The people trying to come to the UK in what politicians have styled “small boats”, he said, “tend to have completely different lifestyles and values to those in the UK”, that seems a toxic suggestion which is now an in-built part of the government’s messaging. Via an evidence-free association with crime, Braverman also says the attitudes and behaviour of those crossing the Channel are “at odds” with British values, much the same rhetorical device she used in her recent attacks on British-Pakistani men.

From there, it is only the smallest of leaps to the kind of arguments Powell used in his notorious “rivers of blood” speech, when he said that immigration from the Commonwealth suggested “a nation busily engaged in heaping up its own funeral pyre”. In response, the Tory leader Ted Heath sacked him from the shadow cabinet; now, by contrast, neo-Powellism grips the party, and may only be an election defeat away from seizing complete control.

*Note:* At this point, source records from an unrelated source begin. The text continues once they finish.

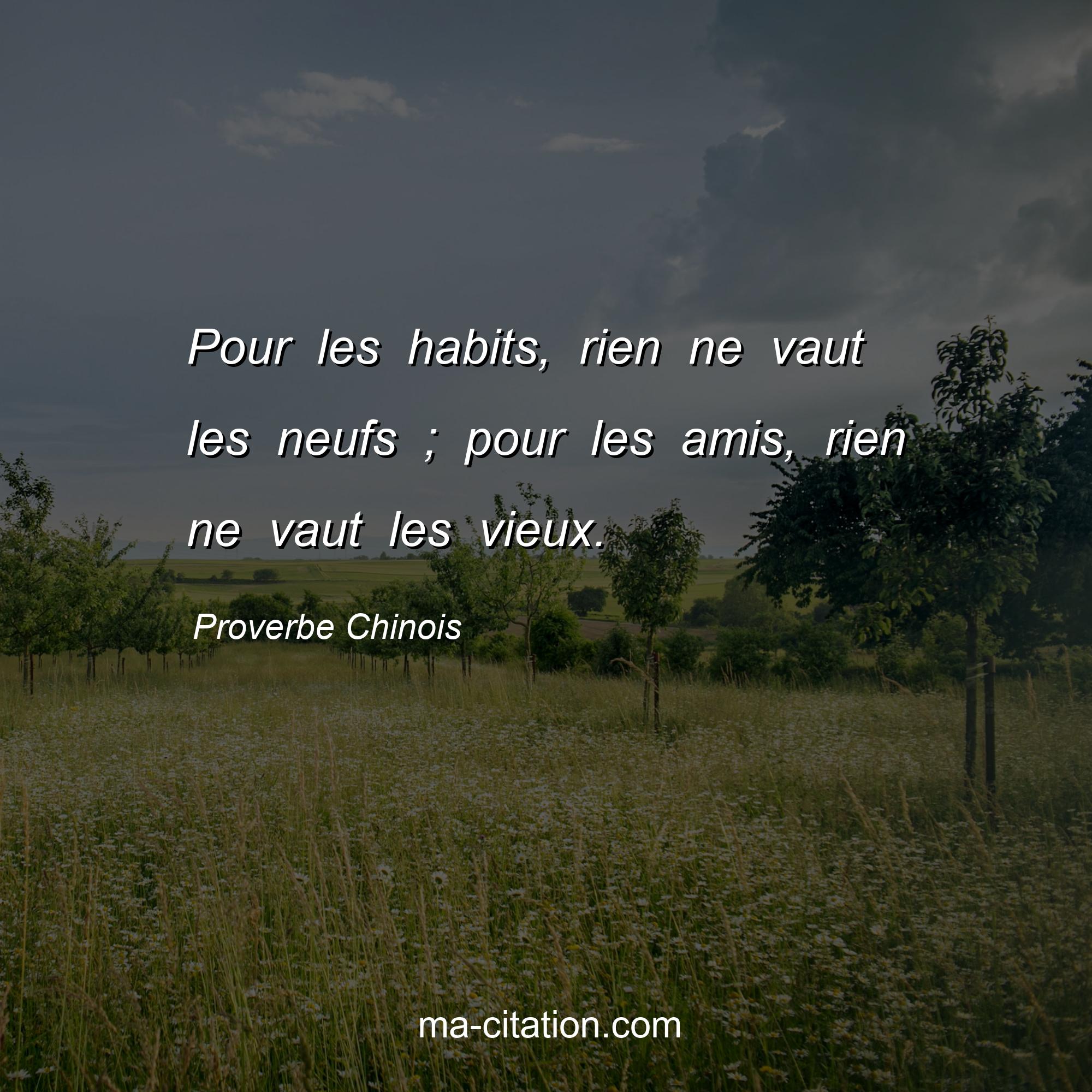Proverbe Chinois sur la vie :Pour les habits, rien ne vaut les neufs ; pour les amis, rien ne vaut les vieux.
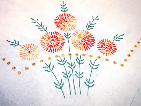 Love the tablecloths and napkins. My grandmother made many pillow cases in a similar flower pattern. I even learned to make the basic daisy pattern! Should have kept a sample so my children would believe that. Maybe not. They were sort of drunken daisies.
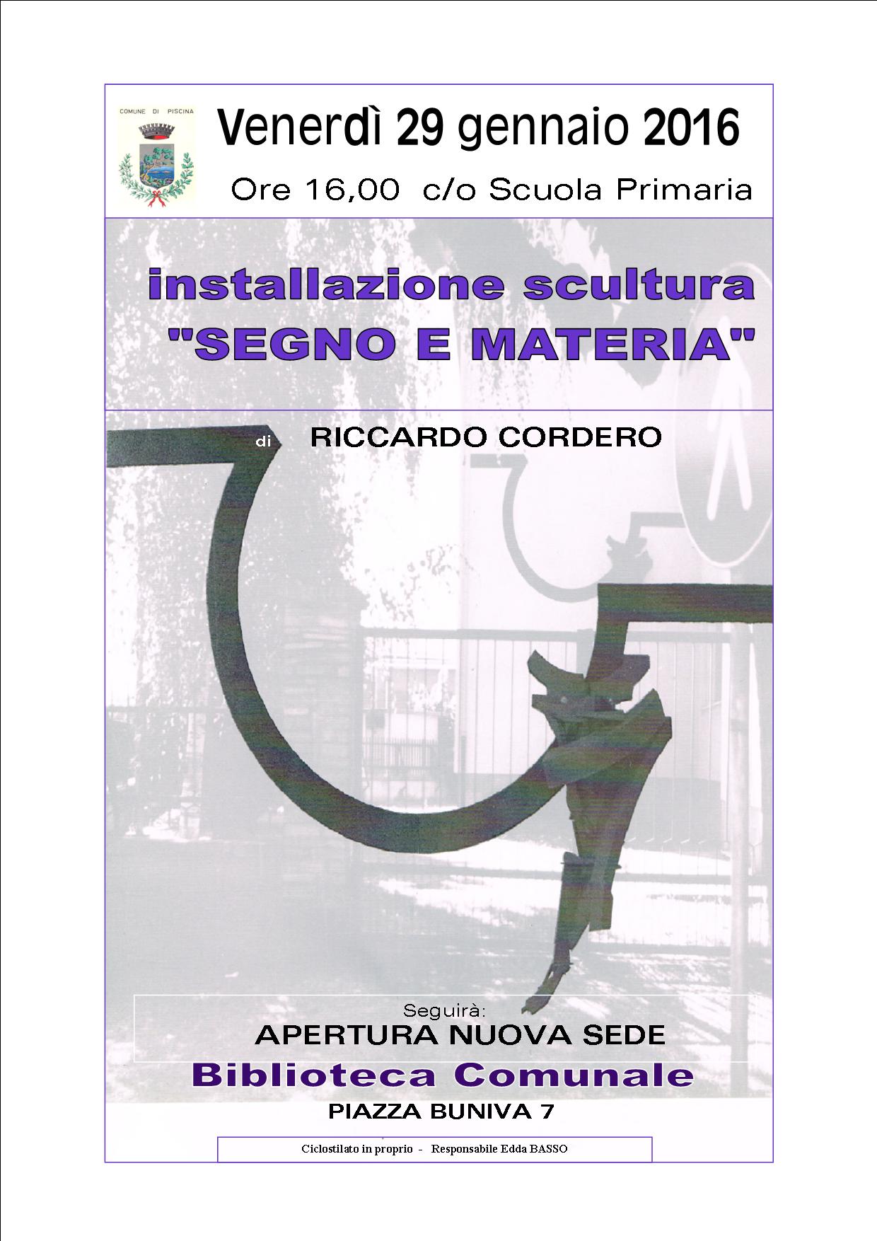 INSTALLAZIONE SCULTURA SEGNO E MATERIA ED APERTURA NUOVA SEDE BIBLIOTECA COMUNALE
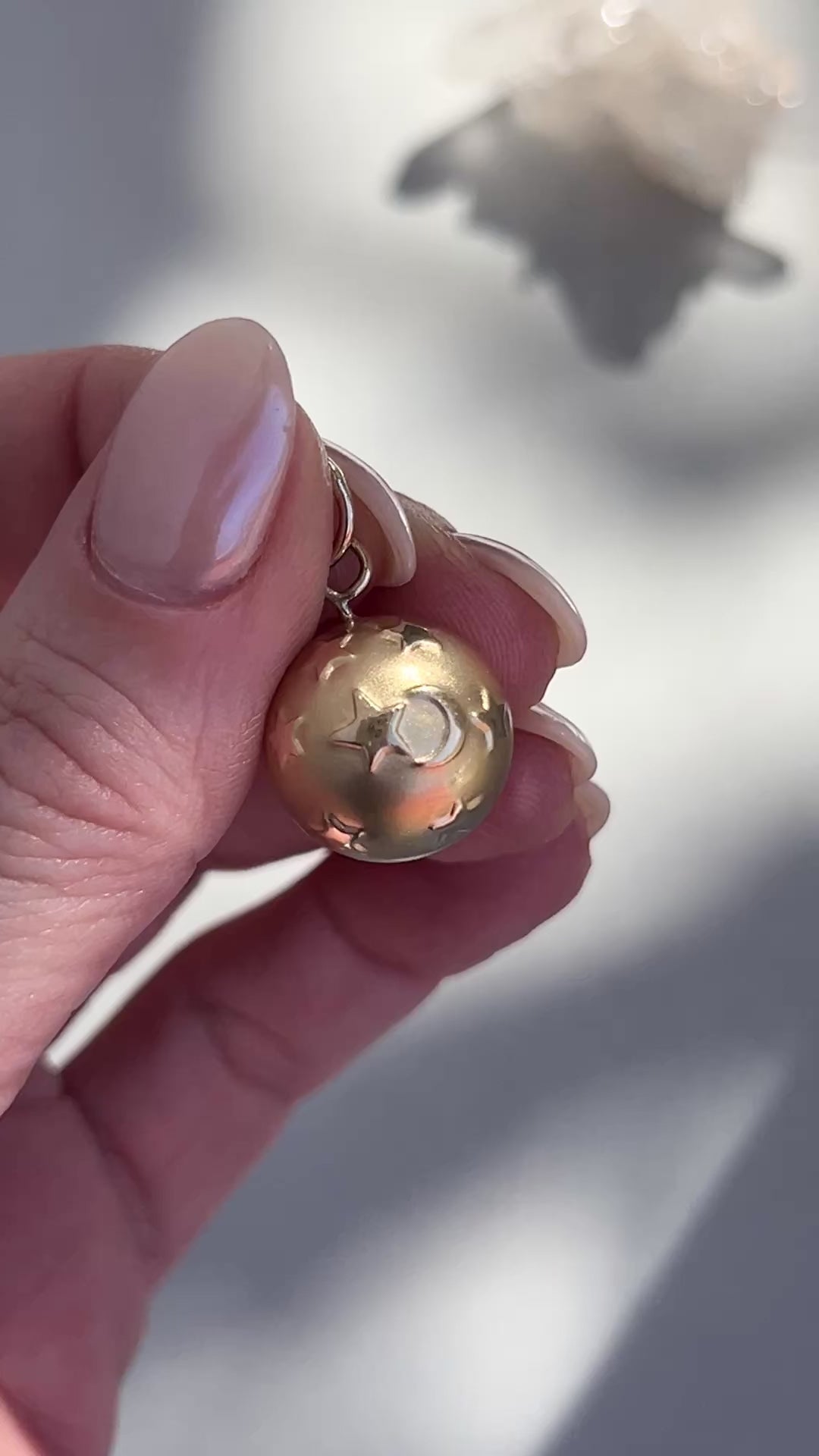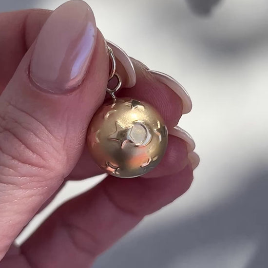 Vintage 14k Gold Puffy Celestial Moon + Stars Ball Pendant
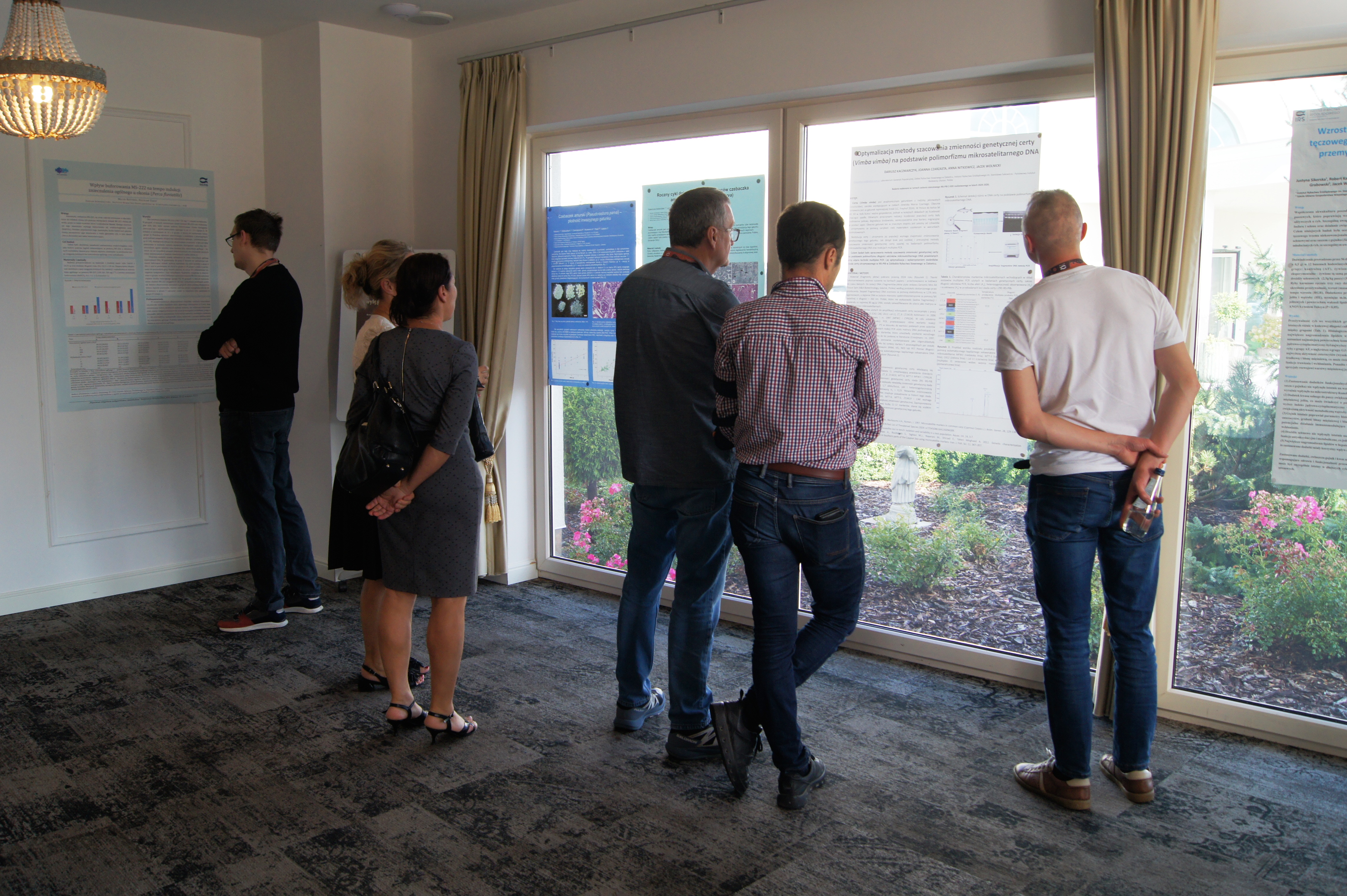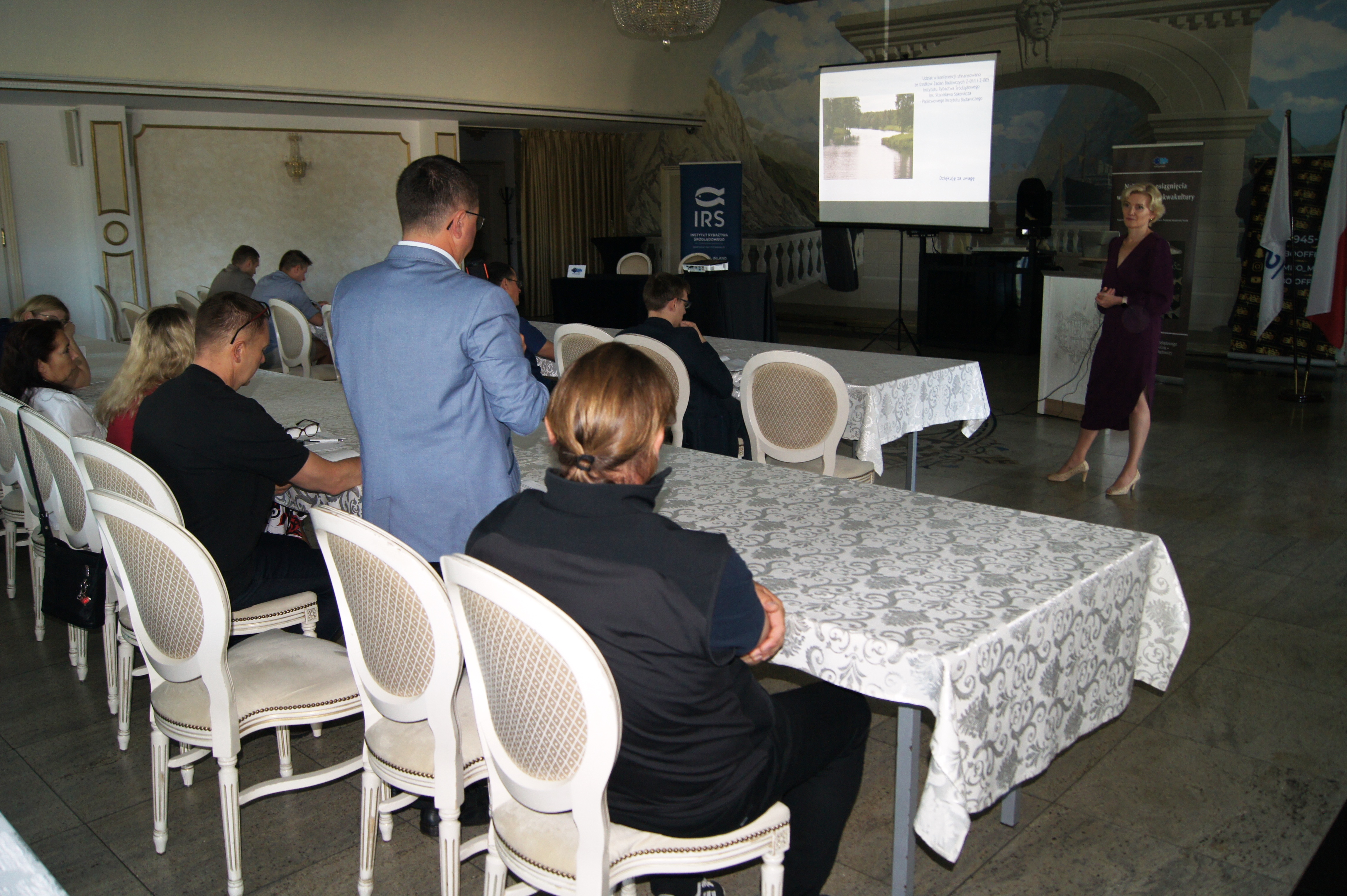 Organizatorem wydarzenia był Zakład Akwakultury Instytutu Rybactwa Śródlądowego im. Stanisława Sakowicza – Państwowy Instytut Badawczy (IRS-PIB) (fot. 2., od lewej strony mgr Michał Cydzik, dr hab. Agata Cejko, dr Maciej Rożyński, mgr Marek Hopko, prof. hab. Zdzisław Zakęś – nieobecny na fotografii). Konferencja zgromadziła 57 uczestników, w tym przedstawicieli instytucji naukowych, praktyków branży rybackiej oraz reprezentantów administracji publicznej odpowiedzialnych za sektor rybactwa (fot. 3 i 4). Patronat honorowy nad wydarzeniem po raz kolejny objął Komitet Nauk Zootechnicznych i Akwakultury Polskiej Akademii Nauk, co dodatkowo podkreśliło jego rangę w krajowym środowisku naukowym. Tegoroczna edycja odbyła się pod hasłem „Najnowsze osiągnięcia wylęgarnictwa i akwakultury”, koncentrując się na innowacyjnych rozwiązaniach biotechnologicznych, które odpowiadają na współczesne wyzwania związane z bezpieczeństwem żywnościowym, kurczeniem się zasobów naturalnych oraz przełowieniem dzikich populacji ryb. Akwakultura, jako jeden z najszybciej rozwijających się sektorów produkcji żywności, wymaga dziś nie tylko intensyfikacji, ale także wdrażania nowych rozwiązań zgodnych z zasadami zrównoważonego rozwoju.
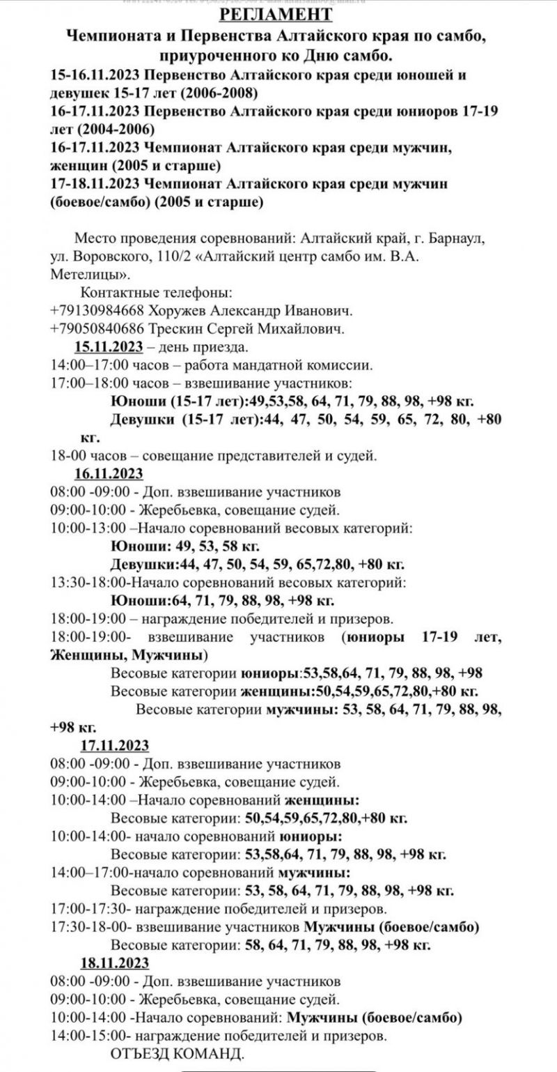 С 16 по 18 ноября в «Алтайском центре самбо» имени Валерия Метелицы в Барнауле (ул. Воровского, 110/2) пройдут чемпионат и первенство Алтайского края по самбо и боевому самбо.

There are obvious reasons for that: a lot of Tories’ deep beliefs, coupled with a cynical sense that embracing NatCon-style ideas may magically allow them to make political capital out of their own failures. Thirteen years of Conservative government have created no end of insecurity, poverty and powerlessness – but those things have also sown exactly the kind of resentments that national conservatism trades on. Its inward-looking hostility to “globalism”, moreover, opens the way to pinning the failures of Brexit on hostile outside powers, and thereby adapting the old habit of Tory flag-waving to a zeitgeist full of paranoia and conspiracy theory.

In 2020, tellingly enough, one of the guests of honour at a national conservatism conference in Rome was the Hungarian prime minister, Viktor Orbán, the inventor of “illiberal democracy”. When he sat for an onstage interview, what was striking was not so much his answers as the questions that preceded them. “There are many people at this conference who would like to build a movement, a party, to make as much difference in their countries as you have,” gushed Christopher DeMuth, a high-profile American conservative who will also be the London event’s presiding chair.

Here was vivid proof of where this old yet new strand of politics is going, and something Keir Starmer and his colleagues ought to quickly realise: that as its divisive nastiness seeps into our politics, rather than nervously leaning into national conservatism, they ought to ruthlessly expose it.